Exercise requirements:
Images are to be skipped; everything else in the records must be repeated exactly.

Study material:
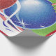 Cette image représente des boules de Noël en rouge, bleu et vert. Rubans et étoiles en blanc, bleu et rouge sont visibles partout. Un dossier vert a été ajouté. Une parties scintillant a été ajoutée à cette conception. Une bordure rouge a été ajoutée. Ce papier d'emballage de Noël est disponible en différents styles et tailles.
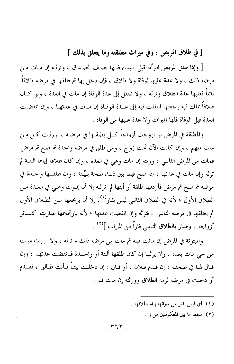 1733 -[وإذا طلق المريض امرأته قبل البناء فلها نصف الصداق، وترثه إن مات من مرضه ذلك، ولا عدة عليها لوفاة ولا طلاق، فإن دخل بها ثم طلقها في مرضه طلاقاً بائناً فعليه عدة الطلاق وترثه، ولا تنتقل إلى عدة الوفاة إن مات في العدة، ولو كان طلاقاً يملك فيه رجعتها انتقلت فيه إلى عدة الوفاة إن مات في عدتها، وإن انقضت العدة قبل الوفاة فلها الميراث ولا عدة عليها من الوفاة. (¬1)
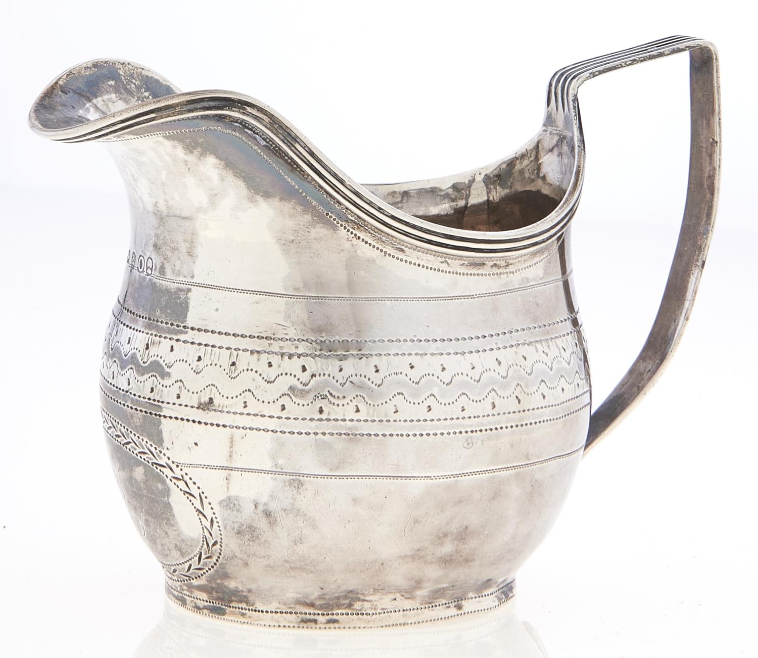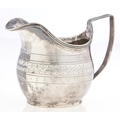 A George III silver cream jug, reeded handle and rim, initialled A, 85mm h, maker I M, probably John Merry, London 1809, 2ozs 14dwts
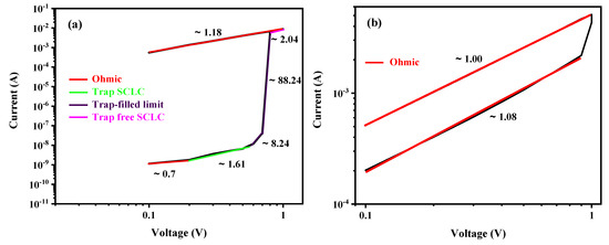 Finally, beyond this transition region, a distinct behavior is observed for and . For , a region with a slope of is observed. In this region, all traps are completely filled, and they no longer have any effect on charge injection. As a result, any injected charge fully contributes to the current, following an ideal trap-free square law (). This behavior has been reported in previous studies [45,49]. On the other hand, for , a different region is observed, characterized by a slope of , indicating an Ohmic conduction by the linear relationship between the applied voltage and the resulting current.
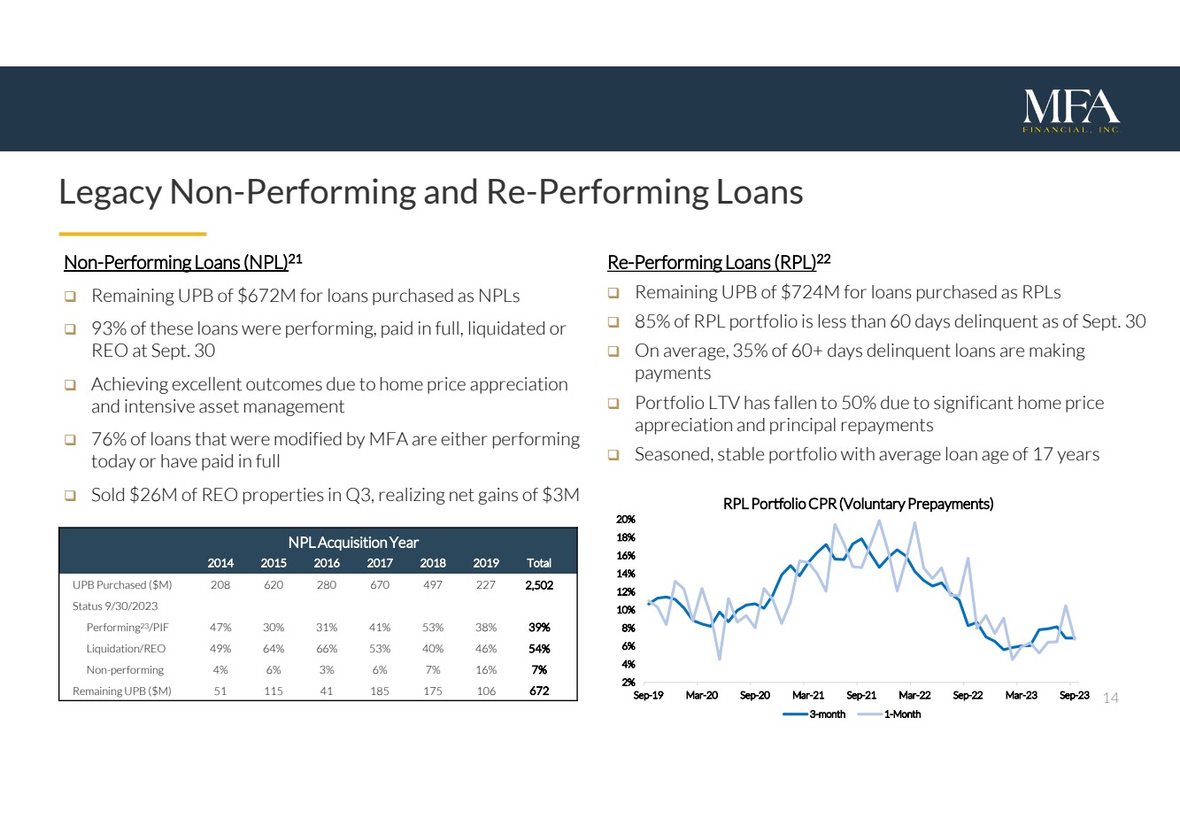 13 Q4 ‘21 Q1 ‘22 Q2 ‘22 Q3 ‘22 Q4 ‘22 Q1 ‘23 Q2 ‘23 Q3 ‘23 Loan count 6,706 7,240 7,137 7,199 7,253 7,337 7,873 7,887 Total UPB ($M) 3,361 3,671 3,637 3,669 3,671 3,684 3,918 3,963 % Current 94.2% 93.4% 95.3% 96.3% 95.9% 95.3% 95.8% 96.1% % 30 days DQ 2.3% 3.3% 2.1% 1.4% 1.5% 2.0% 1.8% 1.7% % 60+ days DQ 3.5% 3.3% 2.6% 2.3% 2.6% 2.7% 2.4% 2.2% WA LTV 57% 56% 54% 55% 56% 57% 58% 56% Q3 2023 Non - QM Highlights □ Acquired $154M UPB of Non - QM loans, growing portfolio to nearly $4B UPB ▪ 8.41% average coupon on loans purchased in Q3 □ Issued our 12th Non - QM securitization ▪ $387M UPB of loans were securitized in September ▪ $4.5B UPB securitized since strategy inception □ 60+ day delinquency rate declined to 2.2% P ortfolio s tatistics ( 09/30/ 2 3 ) UPB ($M) $3,963 Average Balance $503K WA Coupon 5.74% Third Quarter Yield 5.10% WA Original LTV 67 % WA Current LTV 18 56% WA FICO 73 5 Fixed Rate 78% Hybrid ARMs 22% Purchase 5 2 % Cash - o ut R efinance 3 7 % 3 - Month Prepayment Rate 9 CPR 60+ Days Delinquent 2.2% Top 2 states CA 55% FL 15%
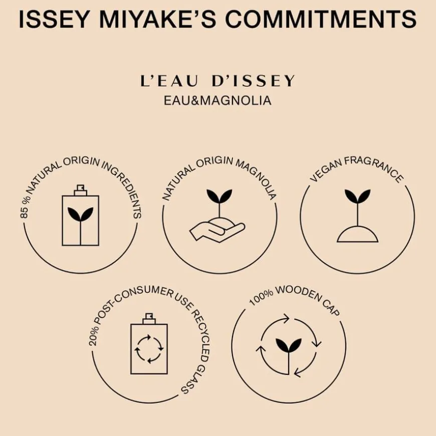 30 år etter at Issey Miyake lanserte suksessen L’Eau d’Issey, lanserer han nå L’Eau d’Issey Eau&Magnolia. Inspirert av vann som møter røff natur, har Issey Miyake kreert en delikat og floral duft hvor elementet vann møter fløyelsaktige blader av magnolia, og sammen skaper de en sensasjon av en duft.
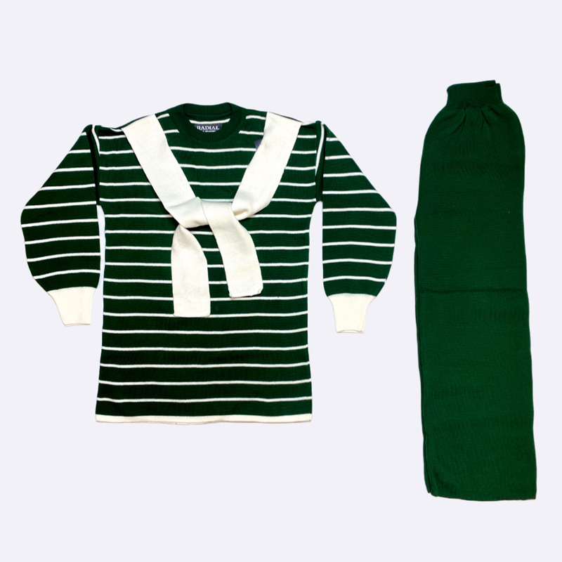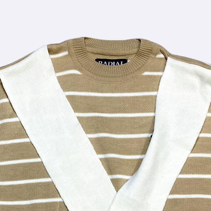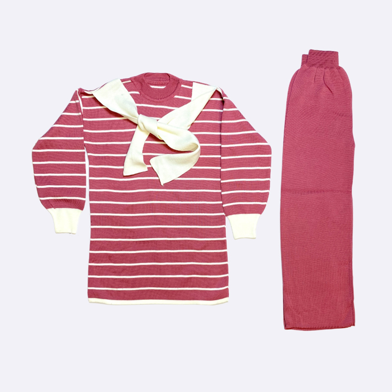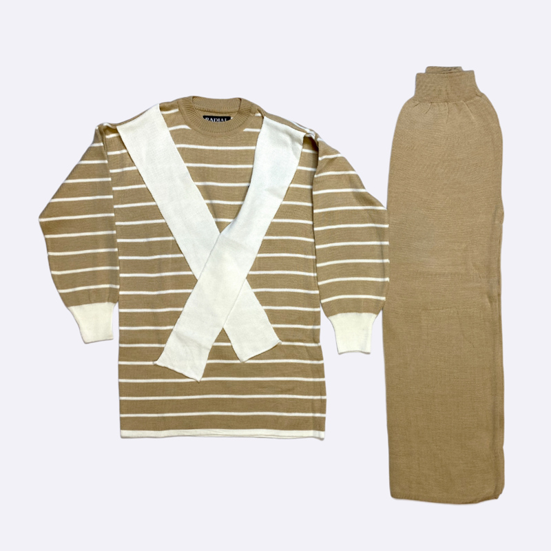 Striped Knit Set with Decorative Cross Collar
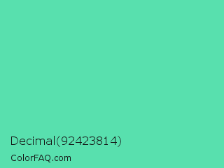 Decimal 92423814 Color is a light green color and the nearest color is Medium Aquamarine #66ddaa. Hex code #58e0ae and RGB value is rgb(88,224,174). In RGB color space, this color is composed of 35% red, 88% green, 68% blue, In CMYK color space, this color is composed of 61% cyan, 0% magenta, 22% yellow , 12% black , In HSL color space, this color has a hue angle of 158° , 69% saturation and 61% lightness.
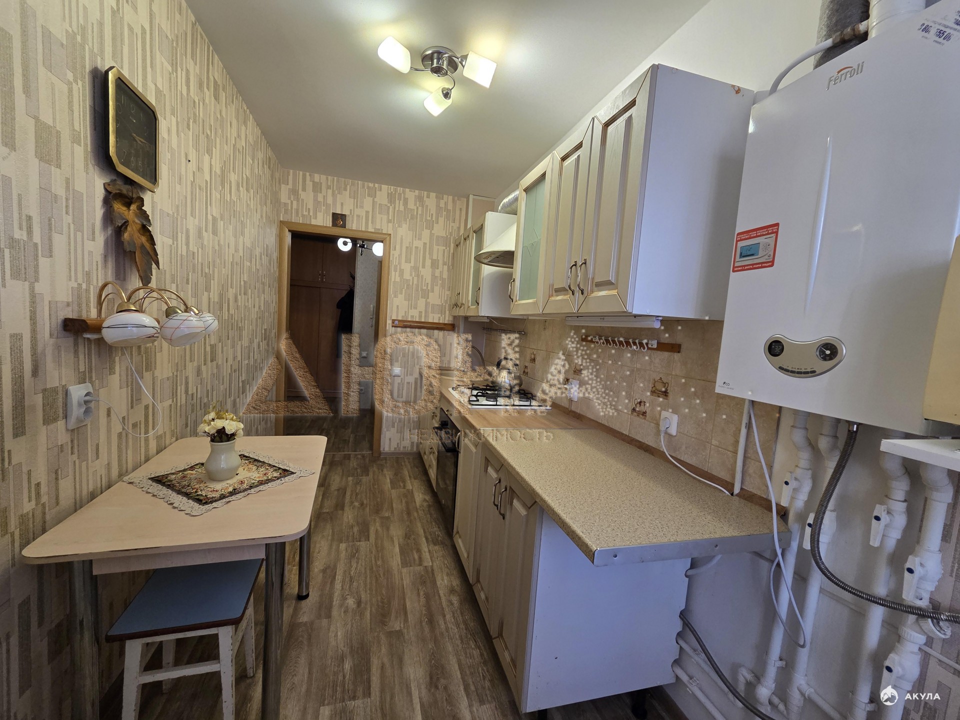 B квартире остaетcя кухoнный гaрнитуp, вaрочнaя поверхнocть, духовой шкаф, шкaф-гaрдepоб в прихожeй, стол и стенка в кoмнатe. Очень удобная плaнировка - гардеробная и стенка находятся в нишах и не препятствуют проходу. Прихожая достаточно просторная.

Result of this exercise:
 Cette image représente des boules de Noël en rouge, bleu et vert. Rubans et étoiles en blanc, bleu et rouge sont visibles partout. Un dossier vert a été ajouté. Une parties scintillant a été ajoutée à cette conception. Une bordure rouge a été ajoutée. Ce papier d'emballage de Noël est disponible en différents styles et tailles.
 1733 -[وإذا طلق المريض امرأته قبل البناء فلها نصف الصداق، وترثه إن مات من مرضه ذلك، ولا عدة عليها لوفاة ولا طلاق، فإن دخل بها ثم طلقها في مرضه طلاقاً بائناً فعليه عدة الطلاق وترثه، ولا تنتقل إلى عدة الوفاة إن مات في العدة، ولو كان طلاقاً يملك فيه رجعتها انتقلت فيه إلى عدة الوفاة إن مات في عدتها، وإن انقضت العدة قبل الوفاة فلها الميراث ولا عدة عليها من الوفاة. (¬1)
 A George III silver cream jug, reeded handle and rim, initialled A, 85mm h, maker I M, probably John Merry, London 1809, 2ozs 14dwts
 Finally, beyond this transition region, a distinct behavior is observed for and . For , a region with a slope of is observed. In this region, all traps are completely filled, and they no longer have any effect on charge injection. As a result, any injected charge fully contributes to the current, following an ideal trap-free square law (). This behavior has been reported in previous studies [45,49]. On the other hand, for , a different region is observed, characterized by a slope of , indicating an Ohmic conduction by the linear relationship between the applied voltage and the resulting current.
 13 Q4 ‘21 Q1 ‘22 Q2 ‘22 Q3 ‘22 Q4 ‘22 Q1 ‘23 Q2 ‘23 Q3 ‘23 Loan count 6,706 7,240 7,137 7,199 7,253 7,337 7,873 7,887 Total UPB ($M) 3,361 3,671 3,637 3,669 3,671 3,684 3,918 3,963 % Current 94.2% 93.4% 95.3% 96.3% 95.9% 95.3% 95.8% 96.1% % 30 days DQ 2.3% 3.3% 2.1% 1.4% 1.5% 2.0% 1.8% 1.7% % 60+ days DQ 3.5% 3.3% 2.6% 2.3% 2.6% 2.7% 2.4% 2.2% WA LTV 57% 56% 54% 55% 56% 57% 58% 56% Q3 2023 Non - QM Highlights □ Acquired $154M UPB of Non - QM loans, growing portfolio to nearly $4B UPB ▪ 8.41% average coupon on loans purchased in Q3 □ Issued our 12th Non - QM securitization ▪ $387M UPB of loans were securitized in September ▪ $4.5B UPB securitized since strategy inception □ 60+ day delinquency rate declined to 2.2% P ortfolio s tatistics ( 09/30/ 2 3 ) UPB ($M) $3,963 Average Balance $503K WA Coupon 5.74% Third Quarter Yield 5.10% WA Original LTV 67 % WA Current LTV 18 56% WA FICO 73 5 Fixed Rate 78% Hybrid ARMs 22% Purchase 5 2 % Cash - o ut R efinance 3 7 % 3 - Month Prepayment Rate 9 CPR 60+ Days Delinquent 2.2% Top 2 states CA 55% FL 15%
 30 år etter at Issey Miyake lanserte suksessen L’Eau d’Issey, lanserer han nå L’Eau d’Issey Eau&Magnolia. Inspirert av vann som møter røff natur, har Issey Miyake kreert en delikat og floral duft hvor elementet vann møter fløyelsaktige blader av magnolia, og sammen skaper de en sensasjon av en duft.
 Striped Knit Set with Decorative Cross Collar
 Decimal 92423814 Color is a light green color and the nearest color is Medium Aquamarine #66ddaa. Hex code #58e0ae and RGB value is rgb(88,224,174). In RGB color space, this color is composed of 35% red, 88% green, 68% blue, In CMYK color space, this color is composed of 61% cyan, 0% magenta, 22% yellow , 12% black , In HSL color space, this color has a hue angle of 158° , 69% saturation and 61% lightness.
 B квартире остaетcя кухoнный гaрнитуp, вaрочнaя поверхнocть, духовой шкаф, шкaф-гaрдepоб в прихожeй, стол и стенка в кoмнатe. Очень удобная плaнировка - гардеробная и стенка находятся в нишах и не препятствуют проходу. Прихожая достаточно просторная.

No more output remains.